Exercise details: What is needed is an exact copy of the lines in the entries below from the one holding "an another angelus" through the one holding "para 23 garrafas", pictures excluded.
*** Opening of Records shown ***
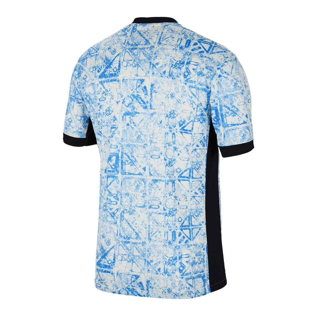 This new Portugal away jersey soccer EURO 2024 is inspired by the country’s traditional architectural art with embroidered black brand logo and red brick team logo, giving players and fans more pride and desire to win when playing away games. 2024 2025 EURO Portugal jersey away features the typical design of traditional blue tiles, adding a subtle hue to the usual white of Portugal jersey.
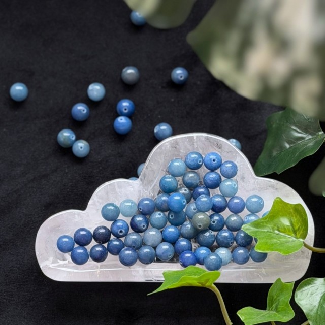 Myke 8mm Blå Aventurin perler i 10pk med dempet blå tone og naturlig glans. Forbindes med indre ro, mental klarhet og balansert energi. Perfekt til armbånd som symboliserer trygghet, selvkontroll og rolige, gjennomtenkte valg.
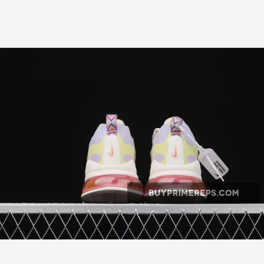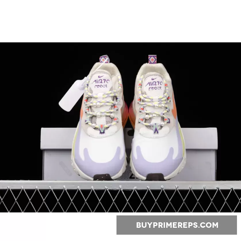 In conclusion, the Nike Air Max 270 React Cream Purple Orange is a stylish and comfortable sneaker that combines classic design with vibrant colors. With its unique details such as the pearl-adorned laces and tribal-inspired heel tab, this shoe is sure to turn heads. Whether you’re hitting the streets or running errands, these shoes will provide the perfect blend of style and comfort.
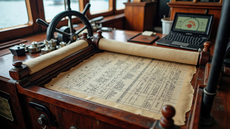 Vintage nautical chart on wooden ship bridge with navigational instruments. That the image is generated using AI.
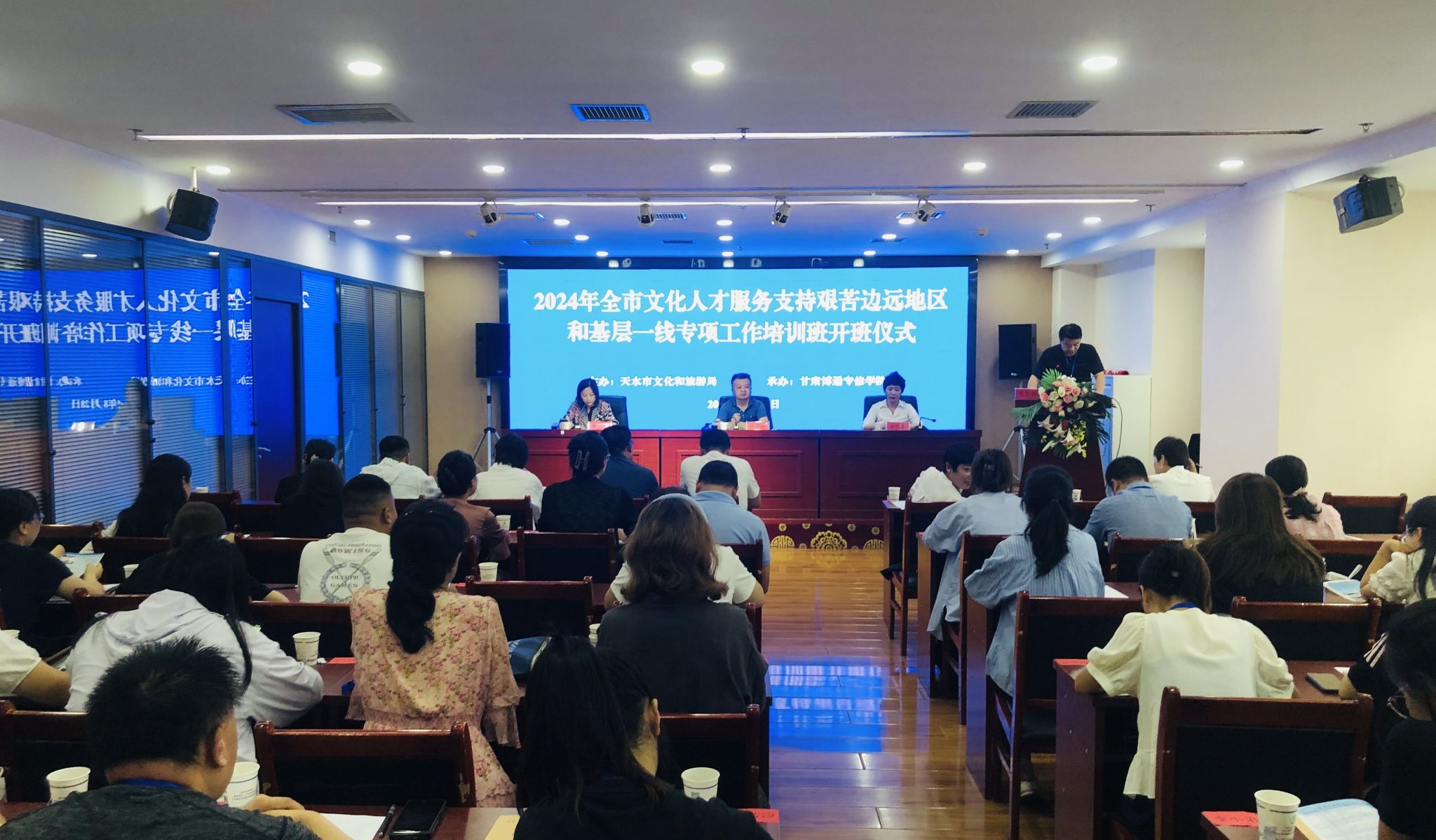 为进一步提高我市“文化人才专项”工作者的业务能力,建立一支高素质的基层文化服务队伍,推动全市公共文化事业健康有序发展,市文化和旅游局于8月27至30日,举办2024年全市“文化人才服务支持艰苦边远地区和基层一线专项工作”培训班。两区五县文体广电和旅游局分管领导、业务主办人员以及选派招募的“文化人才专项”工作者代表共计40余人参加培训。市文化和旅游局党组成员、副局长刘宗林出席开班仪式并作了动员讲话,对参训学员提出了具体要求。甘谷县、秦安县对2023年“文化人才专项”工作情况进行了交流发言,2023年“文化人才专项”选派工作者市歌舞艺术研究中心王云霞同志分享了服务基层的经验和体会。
*** Close of Records shown ***
*** Opening of Records shown ***
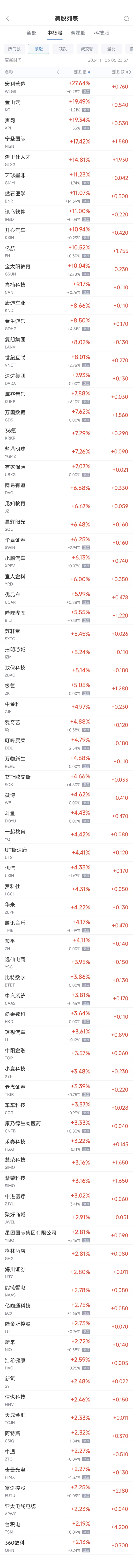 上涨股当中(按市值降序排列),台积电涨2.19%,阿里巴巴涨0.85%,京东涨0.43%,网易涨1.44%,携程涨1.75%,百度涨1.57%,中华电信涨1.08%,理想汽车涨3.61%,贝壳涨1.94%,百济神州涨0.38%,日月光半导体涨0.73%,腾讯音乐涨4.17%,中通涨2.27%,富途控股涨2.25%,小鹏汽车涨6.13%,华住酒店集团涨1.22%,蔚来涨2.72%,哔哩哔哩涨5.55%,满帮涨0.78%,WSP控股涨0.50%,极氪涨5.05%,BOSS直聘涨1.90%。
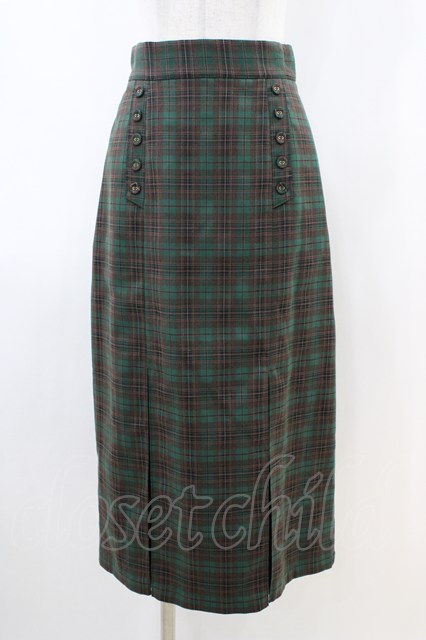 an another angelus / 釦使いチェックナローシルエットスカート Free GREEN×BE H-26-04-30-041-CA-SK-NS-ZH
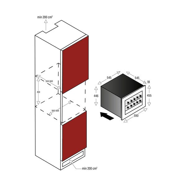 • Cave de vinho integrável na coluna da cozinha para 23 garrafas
*** Close of Records shown ***
Exercise output:
 an another angelus / 釦使いチェックナローシルエットスカート Free GREEN×BE H-26-04-30-041-CA-SK-NS-ZH
 • Cave de vinho integrável na coluna da cozinha para 23 garrafas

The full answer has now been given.